I think it helps to view the work of Dr. Seuss by categories. It seems to me that his books fit neatly into three such groupings with some minor overlapping: fables such as Yertle the Turtle (Library Binding, Hardcover), fairy tales such as The Five Hundred Hats of Bartholomew Cubbins (Hardcover, Library Binding), and outlandish, exaggerated tales such as If I Ran the Zoo (Hardcover, Library Binding).
Seuss was one of the few authors of children's books who could get away with moralizing. His zany illustrations and rhymes allow the reader to enjoy the books and recognize the morals without feeling the weight of a sermon.
His first book To Think That I Saw It on Mulberry Street is the prototype for all his outlandish tale books. We start with a simple situation, in this case, young Marco going home from school but he knows that his father will interrogate him on his return home and be dissatisfied with his observation of nothing more than a horse and a wagon on Mulberry Street. So, he starts adding interest to the sight, changing first the horse and then the wagon to bigger more outrageous things. We worry about Marco, knowing that his father will not believe him, urging him to stay closer to reality, stretching the truth only slightly, but Marco's imagination is in full gear. Then, he reaches home and his father asks the dreaded question, "What did you see on the way home from school.?" and Marco tells him, not the wild sights in his head, but what he really saw, "a horse and a wagon on Mulberry Street".
It has been said that, in those tales, Seuss adds more and more tension as if over-inflating a balloon until we, the readers, can't stand waiting for the "pop!" and then he doesn't pop it, he just deflates the balloon. In Cat in the Hat, for instance, we know that the mess being created has reached an unmanageable state. The illustrations add to the tension as the hour of atonement approaches. Those kids will never get the mess cleaned up before their mother comes home and they'll be punished and it isn't their fault. Then, just before she arrives, the mess is cleaned up and the children are left speechless when she askes what happened while she was gone.

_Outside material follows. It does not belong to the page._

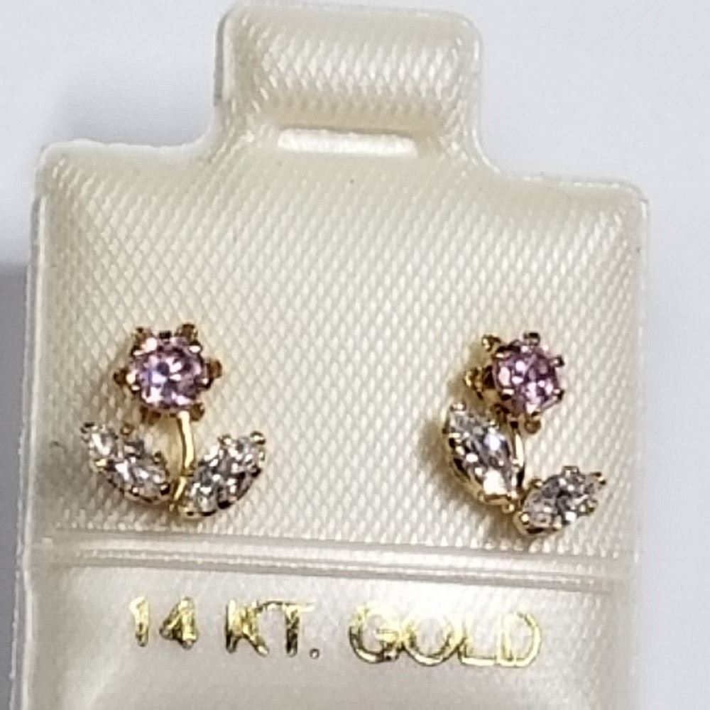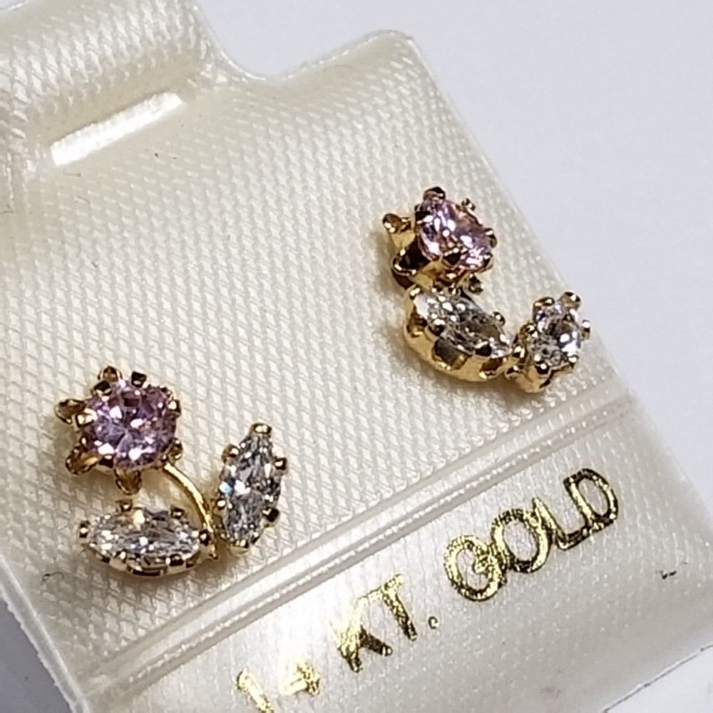 283 - JT38 - 14K YELLOW GOLD CUBIC ZIRCONIA EARRINGS, MADE IN CANADA. JEWELRY

His illustrations are fascinating in that he really only draws one human face: all his people look alike with minor adjustments. His creatures look simplistic until you try to imitate them. His landscapes are notable for their creation of distance. His rhyme schemes are simple but he has created for us a slew of outlandish names and places. His books are timeless and much of the humor is best appreciated by more mature audiences. If you're teaching children from third grade up, suggest that they take another look at their favorite Dr. Seuss to discover more satire and humor than on their earlier encounters. If you're teaching kids from kindergarten up, you probably have no need to introduce them to Dr. Seuss, he's in their hearts already.